FREE TRIAL at: http://www.xtractor.in/premium/trial.do
http://www.xtractor.in/premium/purchase.do
text mining, manual annotation, data alerts, pubmed, genes, drugs, processes, diseases, free, data mining, tag, drug discovery, web 2.0, natural language processing, data analysis, visualization, concept linking, abstraction, precision, recall, data accuracy, proteins, interactions, index, query, MeSH, NLM, manual curation, protein interactions, abstraction, abstracts, accuracy, accurate, data, annotations, biological process, biomedical literature, categorization, colloborations, concept linking, curate, curation, data accuracy, data alerts, literature, categorization, colloborations, concept linking curate curation data accuracy data alerts da, abstracts, annotations, biological process, categorization, colloborations, data accuracy, data analysis, data mining, drug discovery, MeSH, molecules, natural language processing, NLM, NLP, precision, processes, protein function, protein interactions, publishing, pubmed, query, recall, tag, text gathering, visualization, web 2.0
Add comment April 25, 2009
It Just takes 15 minutes to analyse thousands of biomedical scientific facts
Check this out :
http://www.xtractor.in/premium/case_study.do
Tracking common gene polymorphisms across multiple Diseases with XTractor
http://www.xtractor.in/premium
Keywords Index:
text mining, manual annotation, data alerts, pubmed, genes, drugs, processes, diseases, free, data mining, tag, drug discovery, web 2.0, natural language processing, data analysis, visualization, concept linking, abstraction, precision, recall, data accuracy, proteins, interactions, index, query, MeSH, NLM, manual curation, protein interactions, abstraction, abstracts, accuracy, accurate, data, annotations, biological process, biomedical literature, categorization, colloborations, concept linking, curate, curation, data accuracy, data alerts, literature, categorization, colloborations, concept linking curate curation data accuracy data alerts da, abstracts, annotations, biological process, categorization, colloborations, data accuracy, data analysis, data mining, drug discovery, MeSH, molecules, natural language processing, NLM, NLP, precision, processes, protein function, protein interactions, publishing, pubmed, query, recall, tag, text gathering, visualization, web 2.0
Add comment April 15, 2009
Cut on your Data mining Time and Cost with XTractor
Free Trial at : www.xtractor.in/premium
XTractor Premium – a platform for discovery, analysis and modelling of published biomedical facts.
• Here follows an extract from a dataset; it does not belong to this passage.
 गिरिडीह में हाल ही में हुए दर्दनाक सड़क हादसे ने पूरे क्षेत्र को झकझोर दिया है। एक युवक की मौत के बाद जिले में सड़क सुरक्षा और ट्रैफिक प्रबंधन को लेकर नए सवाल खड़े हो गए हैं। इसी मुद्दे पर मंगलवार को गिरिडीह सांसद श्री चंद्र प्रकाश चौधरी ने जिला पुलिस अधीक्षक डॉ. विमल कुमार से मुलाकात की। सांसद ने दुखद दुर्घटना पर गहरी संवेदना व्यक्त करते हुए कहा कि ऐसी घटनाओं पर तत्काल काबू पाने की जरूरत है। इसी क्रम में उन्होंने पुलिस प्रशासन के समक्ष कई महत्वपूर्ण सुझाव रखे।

The application also comes with -XTractor Premium Knowledgebase – the only knowledgebase, which provides “manually” annotated facts from PubMed on a weekly basis. XTractor- (basic version) has been widely adopted by the life sciences research community and has more than 2000 users from 300 organizations across the globe.
Semantic Search:
The first of its kind highly advanced search feature, where in one could query the XTractor Premium Knowledgebase using multiple ontologies. This would enable you to narrow down on your targets at ease.
Concept Linking:
Our advanced query feature would enable you to make assumptions from multiple abstracts, and discover facts, which are hitherto not published.
Bibliographic search:
Search based on author, organization or country.
Save, Export and Visualize:
Save and export the data in user-friendly formats, also XTractor Premium is made compatible with CytoScape – so one can visualize the networks also at ease.
Updates made through web services.
Web based and onsite installation available.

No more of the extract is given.